Учительницу звали Валентина Сергеевна. Глаза у нее были вечно испуганные. Пуще всего она боялась рассердить хозяйку. Однажды она отворила дверь в Сашину комнату и сказала Саше:

— Девочка, пожалуйста, поиграйте с этими мальчиками.

— Мама, давай поиграем с мальчиками! — с готовностью сказала Аня.

— Прошу меня извинить… Я думала… — смущенно забормотала Валентина Сергеевна.
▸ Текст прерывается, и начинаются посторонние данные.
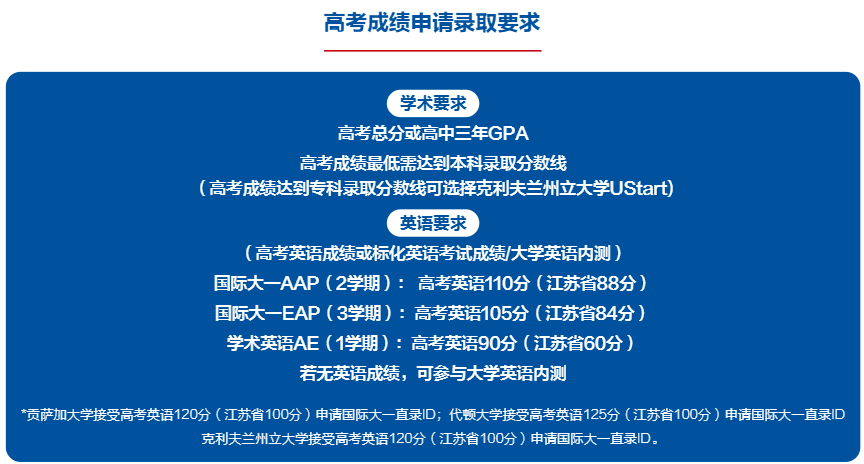美国小部分学校允许学生用高考成绩代替SAT/ACT申请国际大一/桥梁课程 /本科双录取,学生在入学后如果能通过内部考试,就可以直接“转正”,参加正式课程。
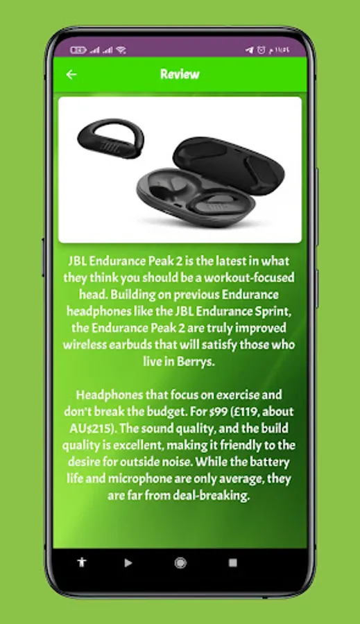 The application JBL Endurance Peak 2 Guide provides you with many information for JBL Endurance Peak 2 Guide

— Ничего, я привыкла! — ответила Саша. — Садитесь, мальчики.

— Мама, — сказала шепотом Аня, — давай угостим их.

— Сейчас, — ответила Саша.

За окном темнело. За стеной послышались гаммы.

— Это будет поезд, — говорила Аня, — ты будешь машинист, а ты кондуктор, а я женщина с двумя детьми. Я пройду с передней площадки.

Мальчики — Сережа и Юра — соглашались на все: они гудели, свистели, раздавали билеты, уступали место женщине с двумя детьми и умолкли, только увидев на столе тарелку с макаронами и хлеб. В комнате стало очень тихо.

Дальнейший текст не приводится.